-------- Supplied material
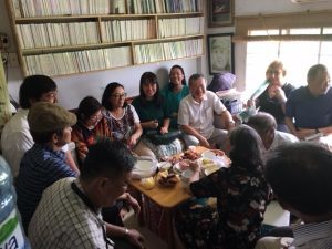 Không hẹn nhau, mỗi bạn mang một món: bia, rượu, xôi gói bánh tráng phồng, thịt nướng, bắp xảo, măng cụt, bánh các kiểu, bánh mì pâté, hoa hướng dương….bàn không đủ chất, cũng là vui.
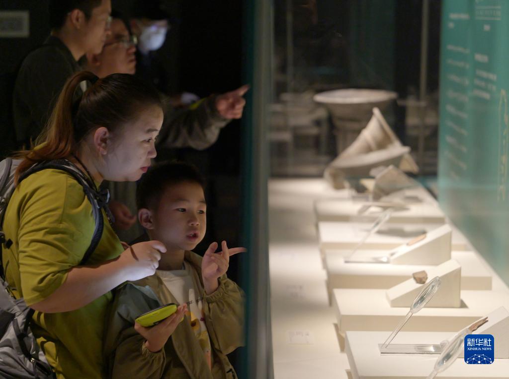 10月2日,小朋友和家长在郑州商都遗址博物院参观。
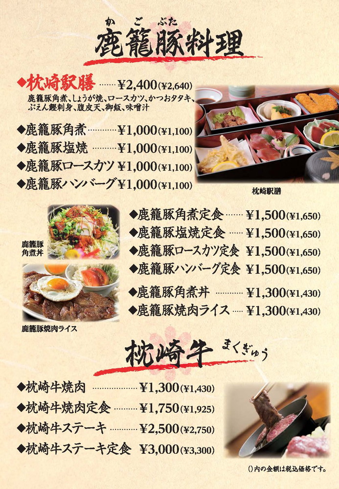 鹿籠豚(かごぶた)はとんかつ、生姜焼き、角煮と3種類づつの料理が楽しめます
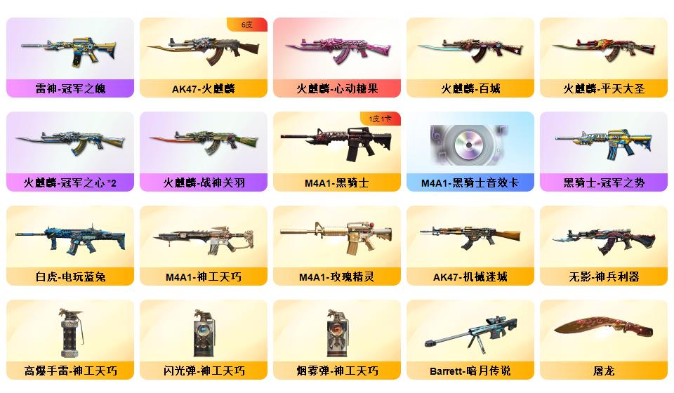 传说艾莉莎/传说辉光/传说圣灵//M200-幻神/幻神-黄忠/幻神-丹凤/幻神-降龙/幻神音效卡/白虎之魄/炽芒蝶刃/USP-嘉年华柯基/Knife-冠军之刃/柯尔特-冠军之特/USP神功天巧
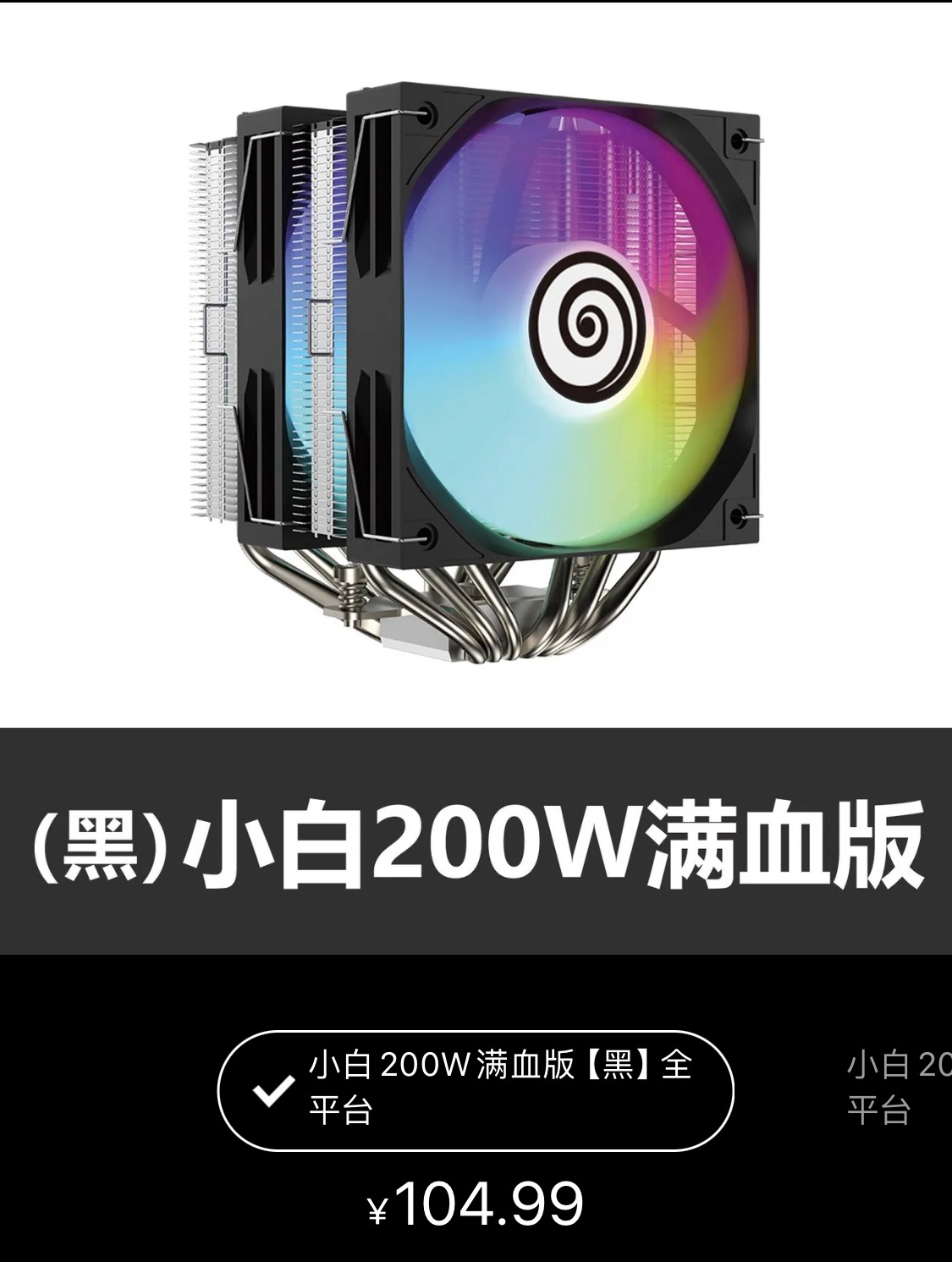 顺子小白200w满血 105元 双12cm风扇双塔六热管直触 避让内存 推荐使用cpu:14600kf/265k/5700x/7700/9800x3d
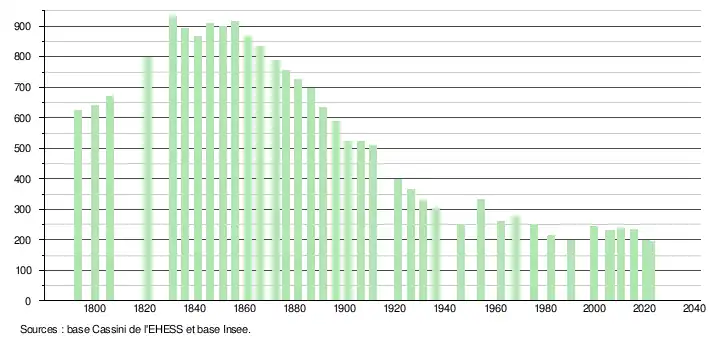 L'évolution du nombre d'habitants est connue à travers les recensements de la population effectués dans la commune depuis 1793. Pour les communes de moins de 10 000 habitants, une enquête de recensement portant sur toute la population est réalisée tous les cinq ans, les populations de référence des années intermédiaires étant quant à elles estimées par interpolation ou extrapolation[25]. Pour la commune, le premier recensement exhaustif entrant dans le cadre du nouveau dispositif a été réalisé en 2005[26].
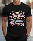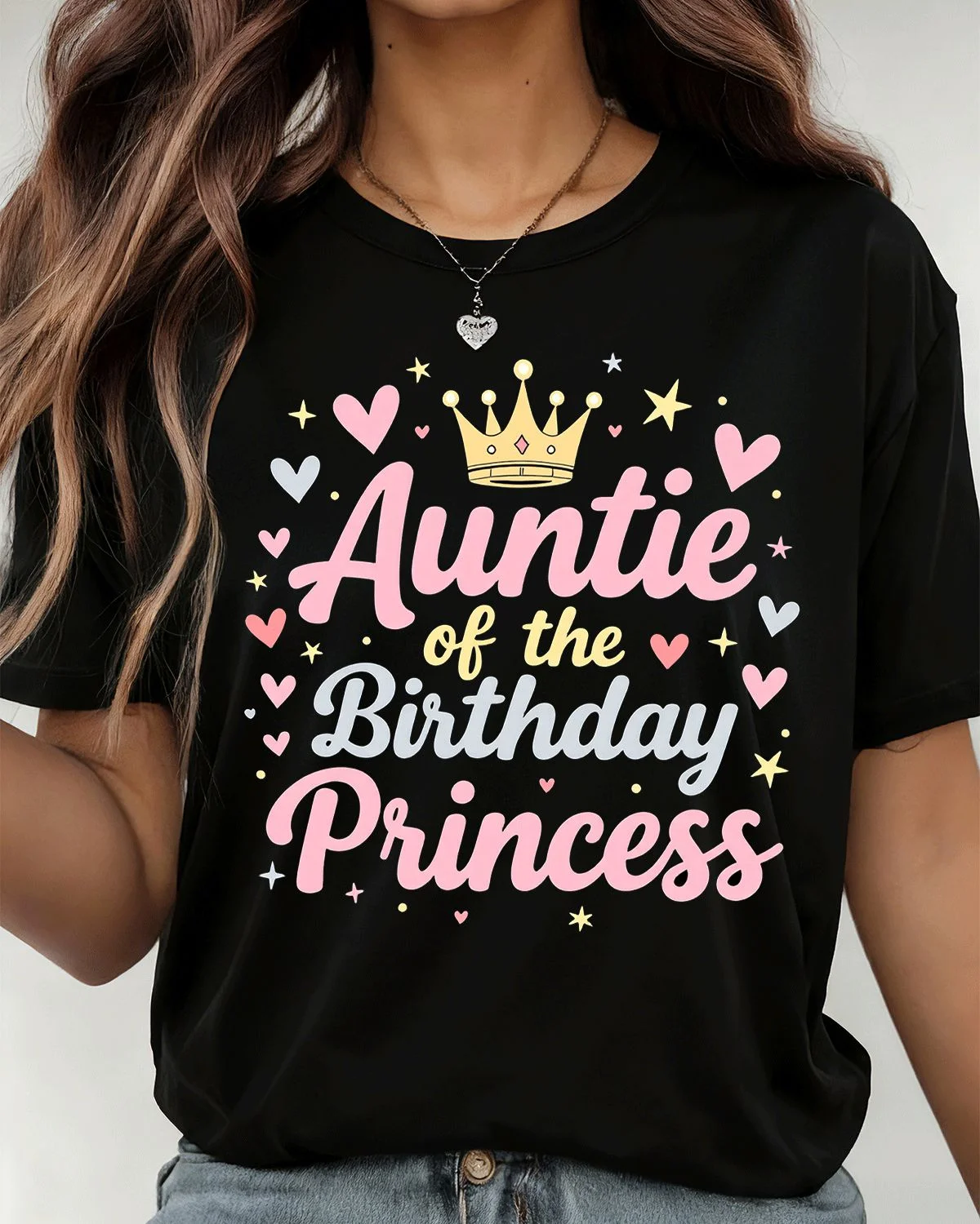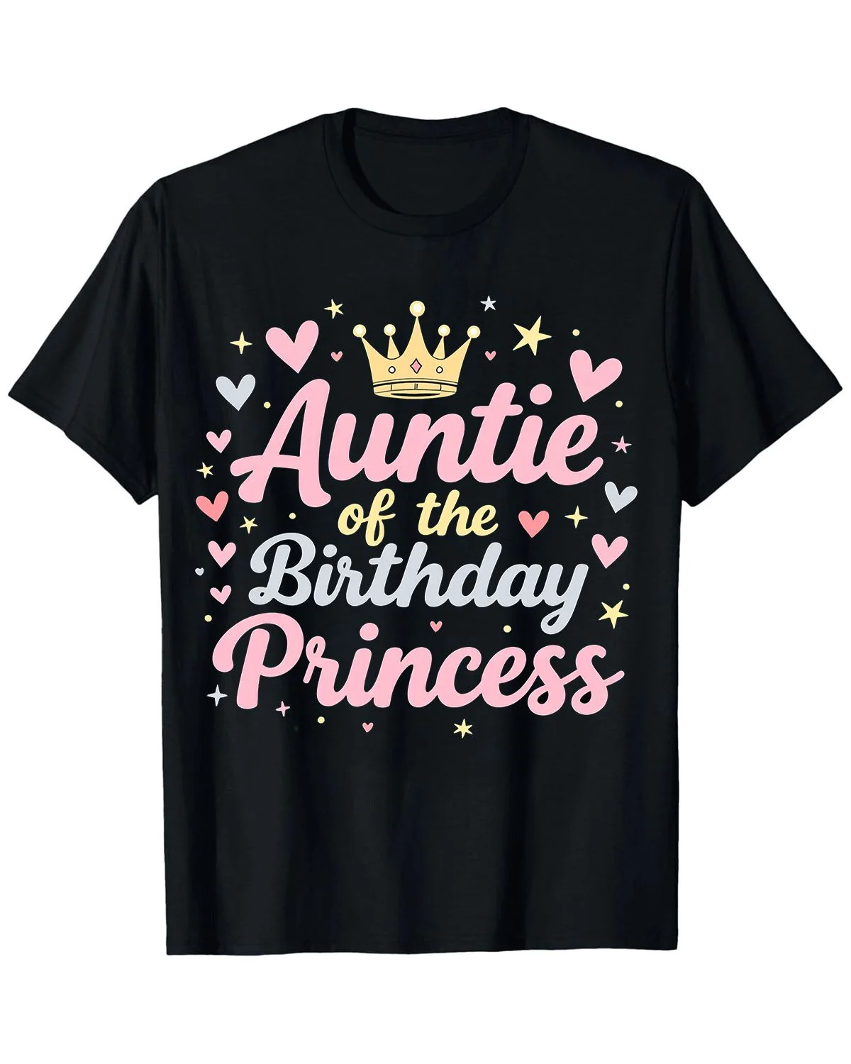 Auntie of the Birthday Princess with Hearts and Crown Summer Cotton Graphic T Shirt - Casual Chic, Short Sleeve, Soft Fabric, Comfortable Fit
----------------
**Task requirements:** With the pictures omitted, copy the entries above exactly from the line containing "传说艾莉莎/传说辉光/传说圣" through the line containing "顺子小白200w满血 105元 双12cm风扇双塔六热管直触", both lines included.

**Response below:**
 传说艾莉莎/传说辉光/传说圣灵//M200-幻神/幻神-黄忠/幻神-丹凤/幻神-降龙/幻神音效卡/白虎之魄/炽芒蝶刃/USP-嘉年华柯基/Knife-冠军之刃/柯尔特-冠军之特/USP神功天巧
 顺子小白200w满血 105元 双12cm风扇双塔六热管直触 避让内存 推荐使用cpu:14600kf/265k/5700x/7700/9800x3d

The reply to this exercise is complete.